Character abilities in PAT represent all active skills a character can perform — including both combat actions (such as sword slashes, magic casting, or shield parries) and mobility actions (like double jumps, dashes, or wall kicks).
 

In PAT, each ability is represented as an Action State. An Action State serves as a triggerable container — it doesn’t define specific behavior on its own, but acts as a state in the dynamic state machine.
 

Its behavior is defined by a collection of attached State Modifiers. These modifiers determine how the ability manifests — handling animations, visual effects, sound effects, and locomotion changes.

 

The toolkit includes a library of commonly used modifiers, such as animation triggers, instant movement changes, and timed visual effects.
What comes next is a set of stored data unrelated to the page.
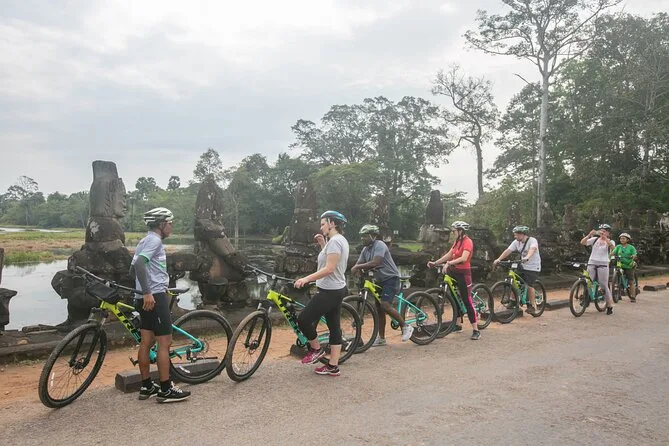 La giornata include il ritiro e il ritorno in hotel a Siem Reap, i biglietti d’ingresso per tutti i templi principali del percorso, una colazione sostanziosa dopo l’alba ad Angkor Wat, il pranzo accanto al lago Srah Srang, acqua e snack durante il giro, l’uso di una mountain bike Trek o e-bike con casco se preferisci l’assistenza elettrica—e sempre una guida locale in inglese che ti accompagna passo (e pedalata) dopo passo lungo i sentieri nascosti nella giungla.
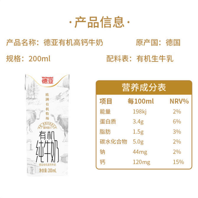 德亚 (Weidendorf)德国进口【有机】高钙纯牛奶200ml*10盒高端礼盒 规格;200ml*10盒;新旧包装随机发货 兑换价格 2400 里程 会员卡别 终身白金卡 白金卡 金卡 银卡 普通卡 儿童卡 服务 由 一间食品馆 发货并提供售后 规格: 礼盒 购买数量: 件 库存件 配送地址: 立即购买 加入购物车 成功添加到购物车 关闭 购物车共有 种商品 总金额为: 组合销售 产品介绍 产品规格 售后服务 产品咨询 发现好货 蒙牛 特仑苏纯牛奶苗条装250ml×12盒 2900 里程 三元 经典小方白全脂纯牛奶250ml*24盒牛奶 整箱 3400 里程 伊利金典纯牛奶250ml*12盒整箱 2200 里程 伊利 金典纯牛奶整箱 250ml*12盒 3.6g乳蛋白 原生高钙 礼盒装 1800 里程 特仑苏 新日期纯牛奶250ml*12盒 3.6g乳蛋白 礼盒装 京东/顺丰发货 2400 里程
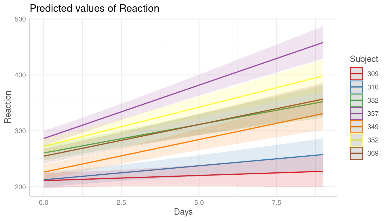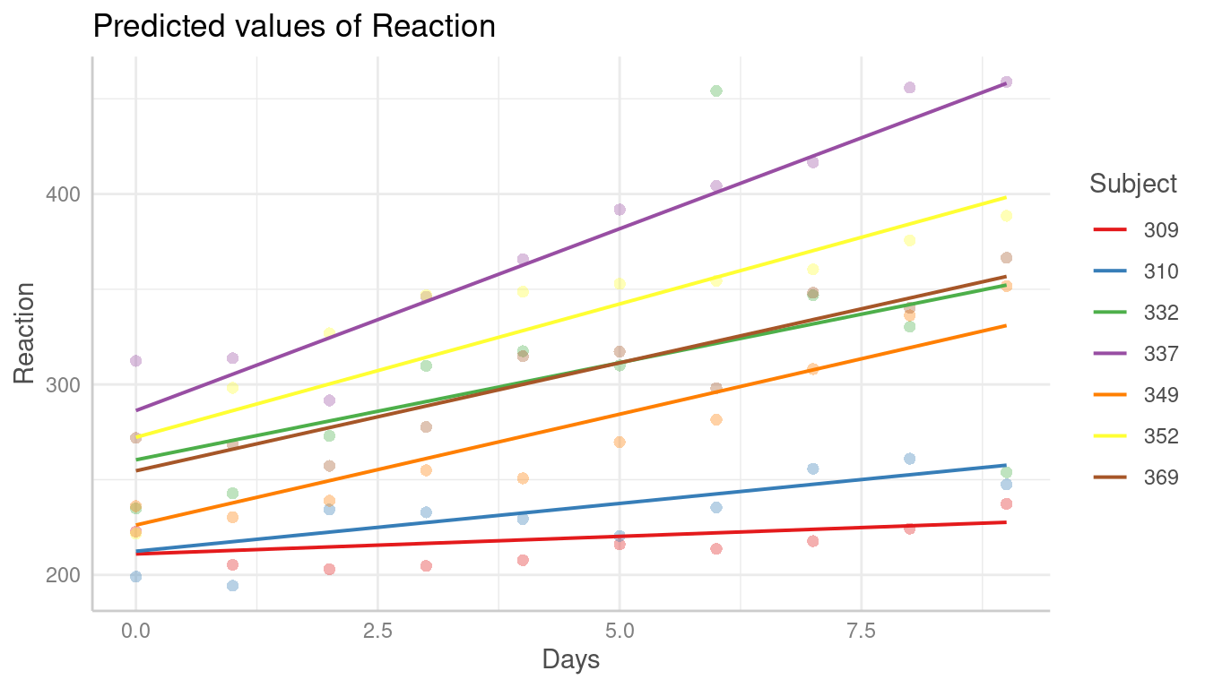 me <- predict_response(m, terms = c("Days", "Subject [sample=7]"), type = "random")
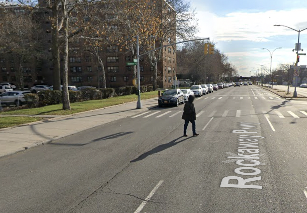 In 2022, there were eight reported crashes on just the two blocks of 68th Street near the park, injuring a pedestrian, according to city stats. And on the one long block south of Seaview Avenue, there were 78 reported crashes last year, injuring a whopping 18 pedestrians. Even the Google image of that stretch of Rockaway Parkway shows a pedestrian at risk:
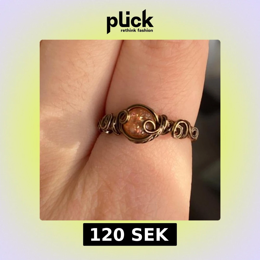 Unik handgjord ring i bronstonad metall med en glittrig orange sten i mitten. Ringen har snygga snirkliga detaljer runt hela bandet som ger den en bohemisk och cool vibe. Perfekt för dig som gillar statement-smycken och vill sticka ut lite extra.
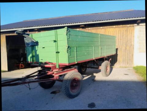 Fuhrmann Zweiachszweiseitenkipper, Eigengewicht 1.840 kg, Nutzlast 4.500 kg. Plateauinnenmaß 1,83 m mal 3,83 m, Bordwandhöhe 90 cm (50 cm plus 40 cm). Auf der rechten Seite befindet sich ein Getreideschieber. Die Bordwände sind abklappbar. Beide Achsen sind mit Seilzug gebremst.
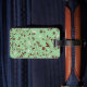 Ein schönes, schlichtes, abstraktes antikes Design von Reben, Blume und Blätter in einem reichen, abfallenden Braun auf einem schönen, minzgrünen Hintergrund
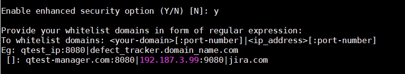 After configuring the basic ports and the URL address for qTest Manager, you can enable enhanced security features. To do so, select Y and whitelist your domains as required.
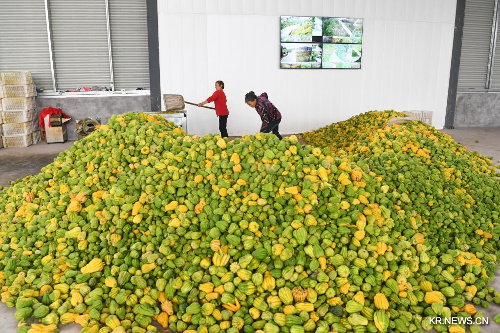 [신화망 다주 10월29일] 최근 수년간 충칭(重慶)시 다주(大足)구는 ▷선두기업 유치 ▷인프라 완비 ▷'회사+마을단체+농가' 시스템 도입 등 조치를 통해 중약재 산업을 발전시켰다. 27일 수확한 불수를 정리하고 있는 주민들. 2022.10.28
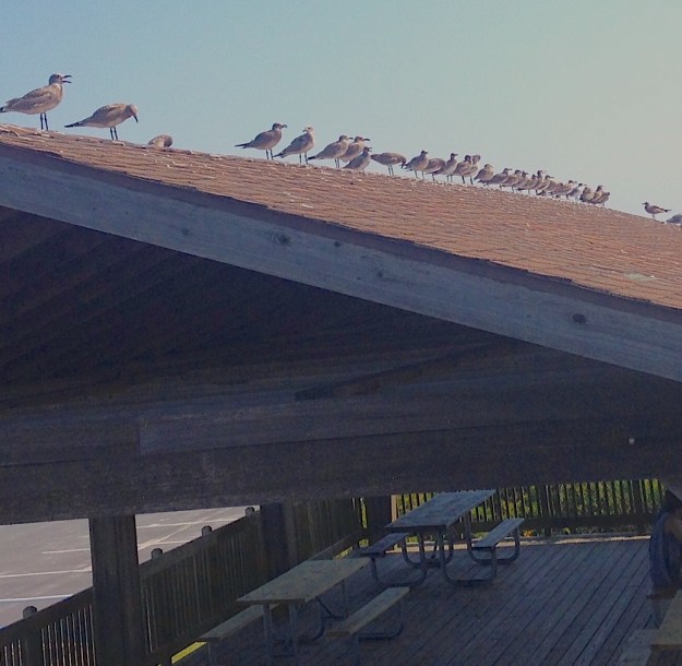 I went fishing but caught no fish. I went bird-watching at a good spot off the beach, but saw few local or migrating birds –except for the line of gulls perched on a shelter roof looking out to the sea. (Above)
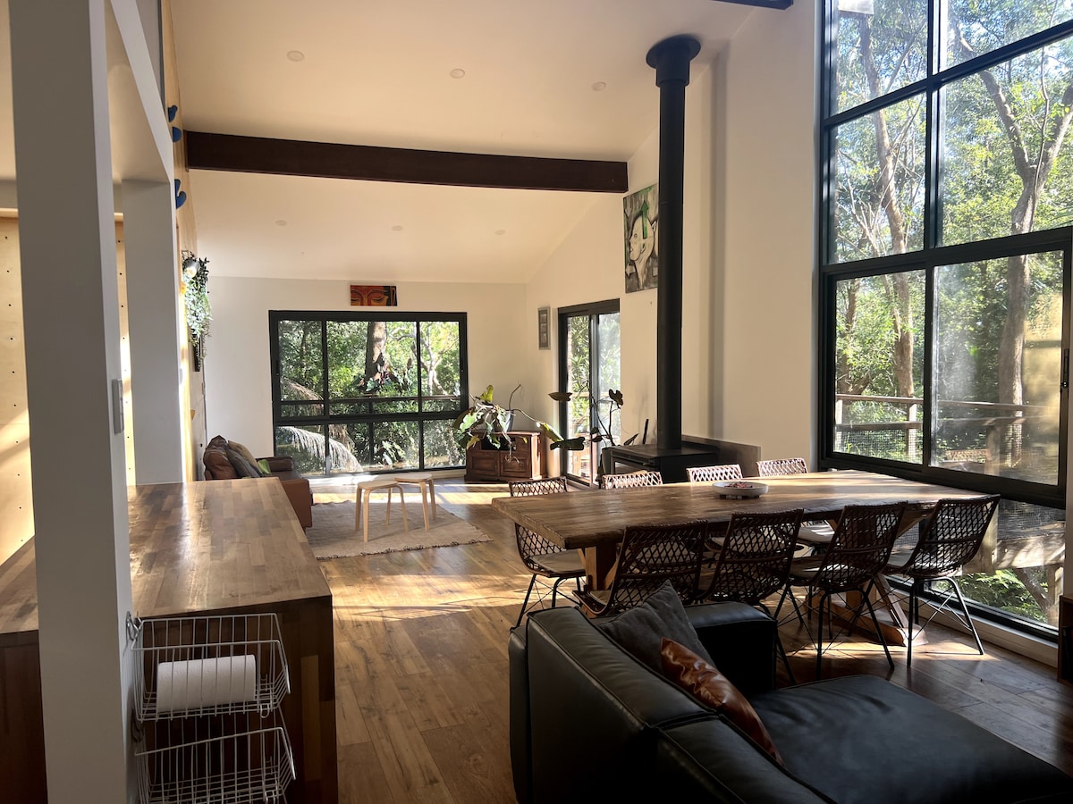 45 minutes from the CBD, Palm Pavilion offers a boutique escape for connecting with loved ones or working in peace. This award-winning, multi-purpose container house is built on the edge of Ku-ring-gai Chase National Park, with a luxury feel and mindful architecture that centers on sustainability, seclusion and tranquility. Offering floor-to-ceiling rainforest views and a full suite of amenities, Palm Pavilion is an oasis for cutting out noise and sharing what matters.
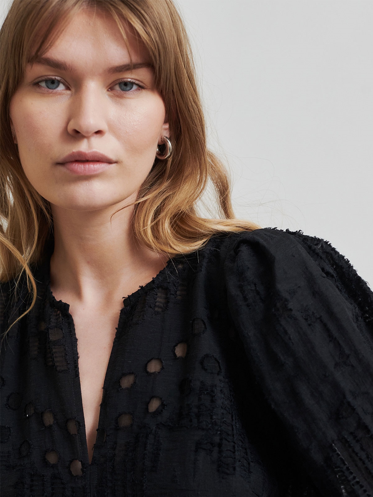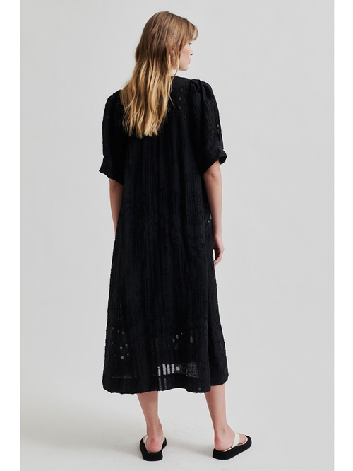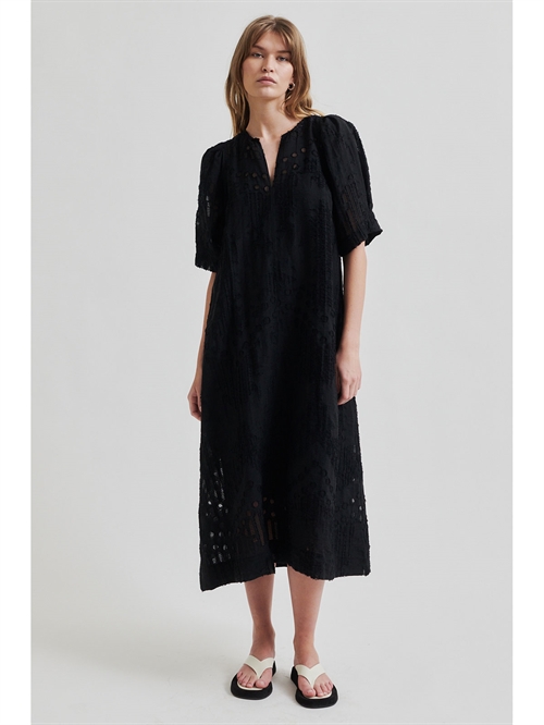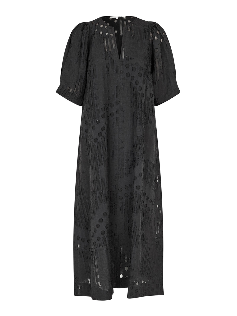 Kjole med grafisk mønster fra Second Female. Kjolen har v-hals og korte puf ærmer. Den er i semitransparent mønster og har en aftagelig underkjole. Løs pasform med A-facon.
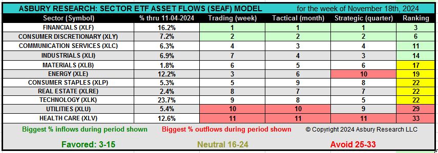 This weekly video by Jack Kosar, goes into more detail on the latest SEAF Model data via a heat map that shows where sector-related assets are going, and where they are leaving, in the 11 Sector SPDR ETFs, and also dissects our SEAF “Rainbow Charts” which display the past 12 months of Favored, Neutral, or Avoid rankings in several key market sectors.
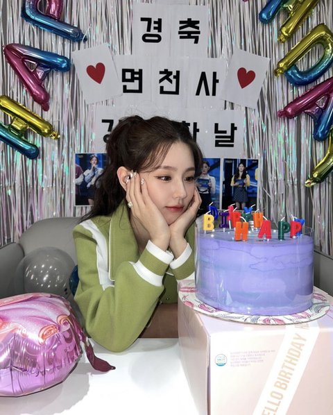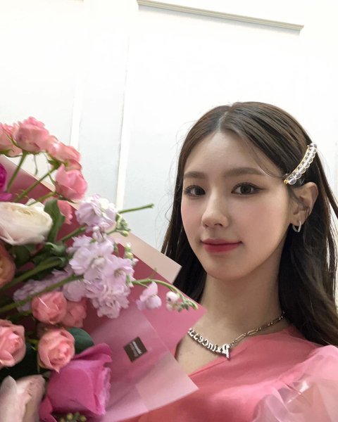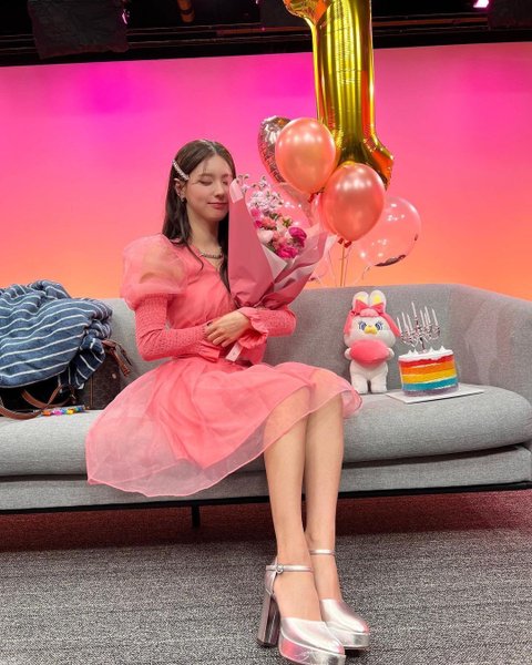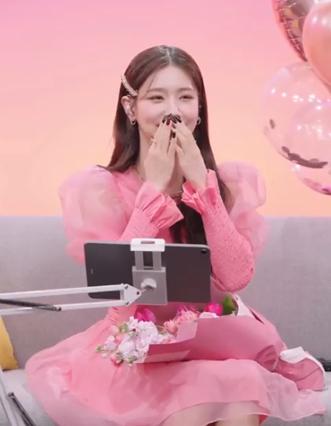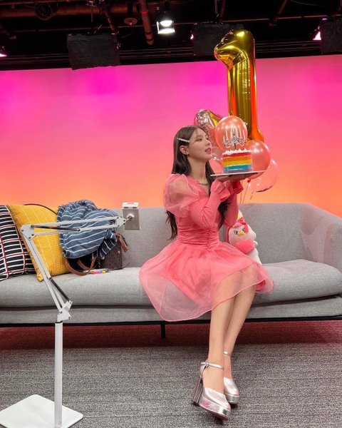 핑크 드레스에 핑크 배경에 꽃이랑 케이크까지 있으니까

For more customized use cases, developers can easily extend the system by inheriting from the StateModifier base class and writing their own logic, enabling unique and highly customized gameplay behavior.

Current Progress:

Finished the GUI Node Graph Editor, the user can create desired character action structure by simply adding nodes and dragging scripts, instead of going to the inspector and modify the object one by one. The editor can also display the game tag and scripts on each node, which greatly fasten the developing process when creating a complex character.

 

The Graph Runner script will initialize the character following the node graph, which will generates corresponded objects and scripts below the character object.